Sync Lipsync 3 Avatar
Playground
Try it on WavespeedAI!Sync Lipsync 3 Avatar turns a single still image and an input audio track into a lip-synced talking character video, with natural mouth movement, facial animation, and stable avatar performance. Ready-to-use REST inference API, best performance, no coldstarts, affordable pricing.
Features
Sync Lipsync 3 Avatar
Sync Lipsync 3 Avatar turns a single still image into a talking character video driven by an input audio track.

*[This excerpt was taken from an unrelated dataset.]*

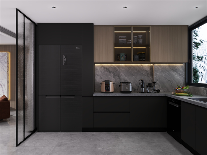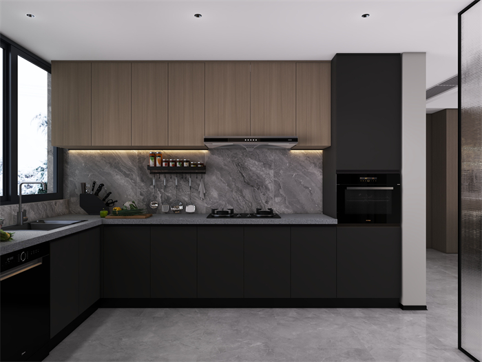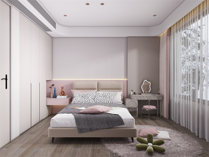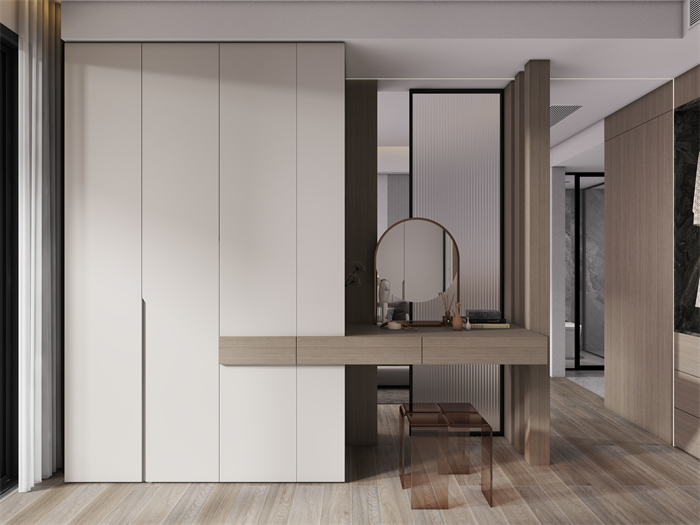 家具選擇上,以簡約現代風格的家具為主,注重舒適度和功能性。軟裝細節上,采用柔和的色彩和材質。廚房注重實用性和便利性,采用嵌入式收納設計,最大化利用空間,營造一個干凈整潔的烹飪區域。臥室以舒適為設計重點,采用柔和的色調和舒適的床品,營造令人放松的休息空間。充分利用儲物空間保持整潔有序。

It is designed for portrait avatars, illustrated characters, and animated-frame references that need natural lip synchronization.
Why Choose This?
-
Image-to-video avatar generation
Animate a still image into a talking video using only an image and an audio file. -
Audio-driven timing
The generated video follows the duration and speech timing of the input audio. -
Works with multiple visual styles
Supports realistic portraits, illustrations, and animated character frames. -
Simple production workflow
No prompt or extra tuning is required; provide the reference image and audio track. -
Standard video output
The generated video is returned as a URL in the standard WaveSpeed prediction response.
Parameters
| Parameter | Required | Description |
|---|---|---|
| image | Yes | Input image URL. Use a clear face image in JPEG, PNG, or WebP format. |
| audio | Yes | Input audio URL. The output video follows the audio duration. |
How to Use
- Upload an image - Provide a clear portrait or character image with a visible face.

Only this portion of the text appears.